Big Ideas, Murky Presentation

Big Ideas, Murky Presentation

A proposal by Sabatu Dennis.
Courtesy Bridgehouse Museum

McCormick Bridgehouse and Chicago River Museum
376 North Michigan Avenue
Through August 31

Waterline, an exhibition of proposals for redeveloping one segment of the Chicago River, is chock-full of interesting ideas. But unless you’re well versed in deciphering the kinds of materials architecture students prepare for their studio projects, you might have some difficulty discovering them.

The show is a product of an innovative program at the Harvard Graduate School of Design (GSD) that encourages its students to look for challenges well outside the confines of its storied Yard. As Skidmore, Owings & Merrill Urban Design partner Philip Enquist explains, GSD invites architects throughout the world to come to Cambridge and pitch their ideas for an on-site, concentrated design studio experience. He brought the concept for a re-imagining of the river’s south branch, and twelve students—a mix of architects, landscape architects, and urban planners—signed up.

Enquist says the students spent four days in Chicago for site visits and meetings, and each presented an solution that addressed a problem in one or more of three areas: the river’s economy, its ecology, and its culture.

Unfortunately, it’s hard to judge most of them based on what they’ve presented on the single banner they’ve been offered to display at the museum. Architects don’t always recognize that most of the world doesn’t think as visually as they do, so when they’re presenting projects to the general public, they often fail to offer any supplemental explanation of what they’re proposing, and the results can be frustrating.

A proposal by Adriana Chavez.

Which is not to say there isn’t a lot worthwhile in the show. Even the projects that seem totally underdeveloped offer hints of something challenging and provocative. Roger Weber’s City of Rhetoric proposes a zoning-based scheme to promote residential and commercial growth through development of “non-spatial conceptual goals for the riverfront.” It’s unclear, however, what that means.

Some of the projects are much more specifically explained, although their boards leave a lot of questions unanswered. William Dibernardo’s proposal for fish farms that simultaneously provide economic development and address a potential ecological nightmare—the Asian carp invasion—is intriguing, but how will it work? Nina Chase’s concept for development of a Slip District that will create an industry based around water is similarly thought provoking, but overall environmental conditions along the river’s south branch seem to make both projects impractical.
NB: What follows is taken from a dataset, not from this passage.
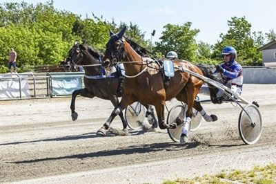 Det var Elektra Henley, som Anders Pedersen på billedet bragte til sejr på Billund Trav foran E Type Cash.

The best of the projects are ingenious, easy to grasp, and actually conceivable. Stephanie Saltzman’s proposal for Wolf Point, including a new bridge across the river and a rapid transit bus line, imagines a completely novel transportation artery that really follows the river’s flow. The most ambitious presentation is Aleksandr Nizhikovskiy’s plan to use the now-vacant U.S. Post Office spanning the Congress Expressway as an academic/ research link between the river and the University of Illlinois–Chicago campus and includes a park property built above the city’s famed Circle interchange. While audacious, it doesn’t seem outside the realm of possibility if executed, and in focusing on the intersection of Congress and Halsted streets, it symbolically carries out one of the prime unrealized aspects of the famed Chicago Plan of 1909.

All of the projects could benefit from a more detailed presentation of the students’ proposals. Enquist says the projects will be repackaged for an exhibition later this year at Chicago Architecture Foundation. Let’s hope they have the opportunity to do so then.